The Prisoner wakes up to find that he is now left-handed, moustachioed and Number 2's new best friend, Number 12, brought in on a special assignment to break a particularly recalcitrant prisoner to whom he bears an uncanny resemblance: Number 6.
This new Number 6 – in the end he turns out to be an agent calling himself "Curtis", so I shall refer to him as that throughout to try and cut down the confusion – immediately suggests that this is all a plot to break down his identity so that in the end he will tell all. Which, in a way, it is.
Curtis then proceeds to best the Prisoner at all his favourite pastimes: shooting, fencing, fisticuffs. Not surprising, really, when the Village's crude electric aversion therapy has him thinking he has to use his weaker left hand. Number 2 tries torturing Curtis with the Mind Rubbers while the Prisoner looks on. But then the Prisoner thinks of a better idea: he's been working with another Villager, Alison, on a mind-reading act, and he's sure that she will be able to tell who's who, as only the real Number 6 is "simpatico" with her. Naturally he flunks the test and Number 2 tells him it was a very silly idea and that he's only reinforced Number 6's sense of identity.
Alison, of course, is betraying him, but inadvertently she also provides his way out: another of her hobbies, photography, provides the evidence that too much time has passed, and with the illusion slightly cracked, he starts to regain his memories. One zap from a faulty standard lamp and he's regained his proper handedness too, and can cheerfully beat the truth out of Curtis. Then, when Rover helpfully eliminates his double, it's time to turn the tables on Number 2, as the Prisoner pretends to be Curtis and hopes to get the next chopper out of there.

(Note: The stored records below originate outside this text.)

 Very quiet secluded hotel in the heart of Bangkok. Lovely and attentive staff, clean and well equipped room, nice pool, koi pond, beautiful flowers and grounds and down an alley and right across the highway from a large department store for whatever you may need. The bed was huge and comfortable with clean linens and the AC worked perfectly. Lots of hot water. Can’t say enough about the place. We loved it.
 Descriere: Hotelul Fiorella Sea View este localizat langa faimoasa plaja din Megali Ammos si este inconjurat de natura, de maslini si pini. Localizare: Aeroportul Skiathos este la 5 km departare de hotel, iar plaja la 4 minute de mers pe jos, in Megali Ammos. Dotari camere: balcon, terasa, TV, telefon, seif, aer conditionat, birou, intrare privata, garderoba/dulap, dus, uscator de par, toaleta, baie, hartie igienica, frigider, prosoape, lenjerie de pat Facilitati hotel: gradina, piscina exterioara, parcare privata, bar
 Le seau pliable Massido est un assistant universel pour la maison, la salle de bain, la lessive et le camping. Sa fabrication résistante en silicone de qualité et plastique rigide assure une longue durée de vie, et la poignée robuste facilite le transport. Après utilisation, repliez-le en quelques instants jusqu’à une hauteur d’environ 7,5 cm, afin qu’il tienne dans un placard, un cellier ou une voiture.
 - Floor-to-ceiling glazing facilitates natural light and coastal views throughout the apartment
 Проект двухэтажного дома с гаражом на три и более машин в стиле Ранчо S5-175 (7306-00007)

There's just one snag: while Alison could tell the real Prisoner by instinct, Number 2 could tell the real Curtis too, and the Prisoner ends up going nowhere.what's your number, please
Things have clearly advanced in the Village, and they are now willing to start using rather more invasive techniques to break the Prisoner, here physically conditioning him; he, however, presented with an opportunity, is still trying to escape, something he will try only once more before "Fall Out". For these reason we see this as the start of the four-story "second phase" of the Prisoner's battle with the Village, and hence after any of the "first phase" stories that we've watched so far.

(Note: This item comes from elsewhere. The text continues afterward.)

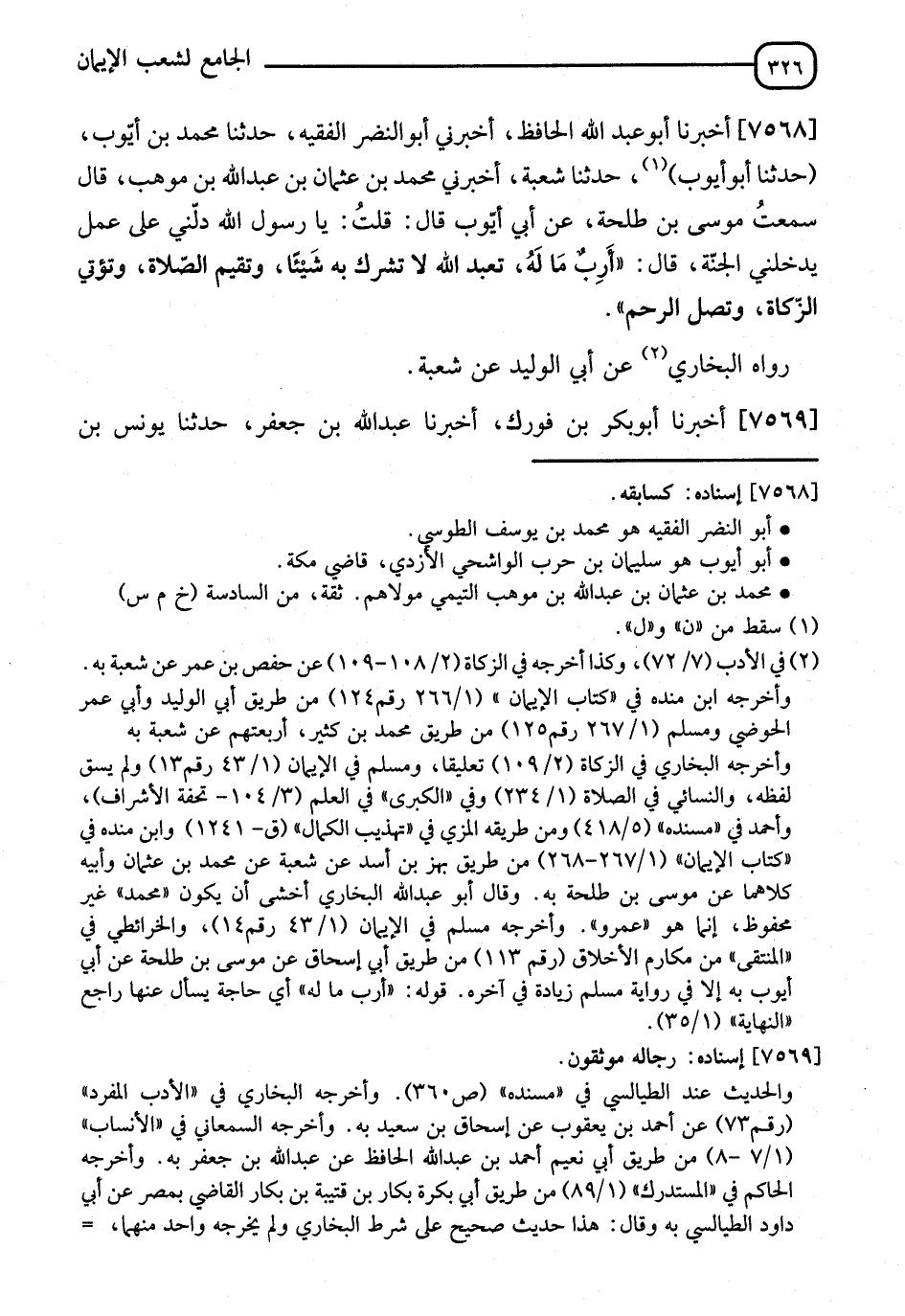 7568 - أَخْبَرَنَا أَبُو عَبْدِ اللهِ الْحَافِظُ، أَخْبَرَنِي أَبُو النَّضْرِ الْفَقِيهُ، نا مُحَمَّدُ بْنُ أَيُّوبَ، أَخْبَرَنِي أَبُو أَيُّوبَ، نا شُعْبَةُ، أَخْبَرَنِي مُحَمَّدُ بْنُ عُثْمَانَ بْنِ عَبْدِ اللهِ بْنِ مَوْهَبٍ، قَالَ: سَمِعْتُ مُوسَى بْنَ طَلْحَةَ، عَنْ أَبِي أَيُّوبَ، قَالَ: قُلْتُ: يَا رَسُولَ اللهِ، دُلَّنِي عَلَى عَمَلٍ يُدْخِلُنِي الْجَنَّةَ، قَالَ: " §تَعْبُدُ اللهَ لَا تُشْرِكُ بِهِ شَيْئًا، وَتُقِيمُ الصَّلَاةَ، وَتُؤْتِي الزَّكَاةَ، وَتَصِلُ الرَّحِمَ " قَالَهُ الْبُخَارِيُّ، عَنْ أَبِي الْوَلِيدِ عَنْ شُعْبَةَ

The other stories from this part of the series are "The General", "A, B & C" and "Many Happy Returns"; why do we make this one first?

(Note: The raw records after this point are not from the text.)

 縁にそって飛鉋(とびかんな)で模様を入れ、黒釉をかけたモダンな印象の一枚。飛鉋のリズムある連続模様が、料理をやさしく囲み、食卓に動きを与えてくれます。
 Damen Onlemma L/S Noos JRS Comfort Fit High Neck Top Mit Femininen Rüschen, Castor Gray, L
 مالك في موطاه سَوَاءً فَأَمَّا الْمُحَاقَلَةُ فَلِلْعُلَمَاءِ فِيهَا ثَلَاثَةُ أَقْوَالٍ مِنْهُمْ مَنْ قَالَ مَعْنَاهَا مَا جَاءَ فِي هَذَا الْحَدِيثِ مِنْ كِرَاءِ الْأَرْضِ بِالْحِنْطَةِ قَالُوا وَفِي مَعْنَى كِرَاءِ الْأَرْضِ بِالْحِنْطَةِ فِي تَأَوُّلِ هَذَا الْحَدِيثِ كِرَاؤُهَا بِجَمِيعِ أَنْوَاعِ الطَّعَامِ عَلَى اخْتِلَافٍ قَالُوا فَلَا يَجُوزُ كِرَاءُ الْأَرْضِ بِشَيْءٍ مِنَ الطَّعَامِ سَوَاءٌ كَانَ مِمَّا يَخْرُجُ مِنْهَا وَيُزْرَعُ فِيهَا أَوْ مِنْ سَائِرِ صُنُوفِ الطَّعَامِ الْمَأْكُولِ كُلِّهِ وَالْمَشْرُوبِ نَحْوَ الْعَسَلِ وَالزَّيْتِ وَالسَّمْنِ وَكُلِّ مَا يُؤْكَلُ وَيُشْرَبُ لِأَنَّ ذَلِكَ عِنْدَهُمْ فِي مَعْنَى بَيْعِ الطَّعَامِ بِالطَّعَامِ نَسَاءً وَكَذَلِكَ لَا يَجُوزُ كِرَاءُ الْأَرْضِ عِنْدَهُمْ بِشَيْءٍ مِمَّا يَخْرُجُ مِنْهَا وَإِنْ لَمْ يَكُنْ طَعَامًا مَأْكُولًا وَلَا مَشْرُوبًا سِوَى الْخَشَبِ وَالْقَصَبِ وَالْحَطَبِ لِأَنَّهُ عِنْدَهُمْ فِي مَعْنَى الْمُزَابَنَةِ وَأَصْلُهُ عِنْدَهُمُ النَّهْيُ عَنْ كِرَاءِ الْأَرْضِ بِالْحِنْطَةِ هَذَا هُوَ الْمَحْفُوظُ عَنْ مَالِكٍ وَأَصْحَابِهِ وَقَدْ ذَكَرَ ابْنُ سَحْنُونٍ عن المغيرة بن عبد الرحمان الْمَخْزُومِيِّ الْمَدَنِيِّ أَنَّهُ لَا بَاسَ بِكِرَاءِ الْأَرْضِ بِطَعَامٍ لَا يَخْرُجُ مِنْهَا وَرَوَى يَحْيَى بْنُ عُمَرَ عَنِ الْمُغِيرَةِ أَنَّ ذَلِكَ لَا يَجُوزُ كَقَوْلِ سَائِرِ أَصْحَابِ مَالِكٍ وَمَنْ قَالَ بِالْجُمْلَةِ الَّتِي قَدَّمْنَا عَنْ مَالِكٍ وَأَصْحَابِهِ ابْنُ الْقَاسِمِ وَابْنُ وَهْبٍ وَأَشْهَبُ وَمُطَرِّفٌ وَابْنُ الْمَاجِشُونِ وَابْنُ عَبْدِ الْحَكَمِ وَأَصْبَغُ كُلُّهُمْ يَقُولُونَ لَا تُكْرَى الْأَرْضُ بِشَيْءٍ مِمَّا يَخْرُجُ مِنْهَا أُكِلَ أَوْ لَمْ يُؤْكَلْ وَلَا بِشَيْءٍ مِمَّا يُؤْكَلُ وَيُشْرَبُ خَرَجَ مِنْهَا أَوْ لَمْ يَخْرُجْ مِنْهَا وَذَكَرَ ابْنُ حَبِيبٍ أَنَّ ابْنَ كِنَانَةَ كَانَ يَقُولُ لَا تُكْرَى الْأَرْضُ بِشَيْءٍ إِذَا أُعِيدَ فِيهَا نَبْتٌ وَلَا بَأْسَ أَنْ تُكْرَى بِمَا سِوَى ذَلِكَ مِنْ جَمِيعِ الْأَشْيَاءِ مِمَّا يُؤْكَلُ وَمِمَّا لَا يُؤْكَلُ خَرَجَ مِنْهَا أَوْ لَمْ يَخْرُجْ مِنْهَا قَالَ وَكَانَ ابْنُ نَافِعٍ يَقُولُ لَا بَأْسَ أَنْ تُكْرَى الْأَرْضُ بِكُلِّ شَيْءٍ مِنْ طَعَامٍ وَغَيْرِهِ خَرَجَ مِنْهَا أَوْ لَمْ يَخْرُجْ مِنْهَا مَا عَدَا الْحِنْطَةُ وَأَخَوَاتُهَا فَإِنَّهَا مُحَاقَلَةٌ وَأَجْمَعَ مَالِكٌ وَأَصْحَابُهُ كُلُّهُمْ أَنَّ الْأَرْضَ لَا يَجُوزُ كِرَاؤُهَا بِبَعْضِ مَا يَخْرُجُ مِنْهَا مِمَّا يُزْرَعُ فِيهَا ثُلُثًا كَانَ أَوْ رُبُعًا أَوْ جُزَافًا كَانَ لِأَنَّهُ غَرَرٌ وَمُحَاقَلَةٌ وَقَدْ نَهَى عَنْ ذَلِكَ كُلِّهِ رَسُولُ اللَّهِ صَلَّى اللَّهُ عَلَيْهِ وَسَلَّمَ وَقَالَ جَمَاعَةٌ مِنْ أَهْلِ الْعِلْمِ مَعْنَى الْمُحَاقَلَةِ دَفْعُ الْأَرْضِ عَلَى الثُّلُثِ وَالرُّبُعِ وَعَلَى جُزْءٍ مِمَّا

Well, "Many Happy Returns" is another "game changing" story, like "Free For All" and, as we'll see, after that the Prisoner has good reason to redirect his efforts from escaping to destroying the Village. Therefore we shall make that the last one of this sub-sequence.
"The General" and "A, B & C" are clearly linked as they both feature Colin Gordon as Number 2 and – uniquely – the opening exchanges of "A, B & C" are amended to "I am Number 2" instead of the more usual "I am the new Number 2". This, more than anything else, suggests that those episodes, even though they were originally shown weeks apart and in the "wrong" order, are not just connected but consecutive.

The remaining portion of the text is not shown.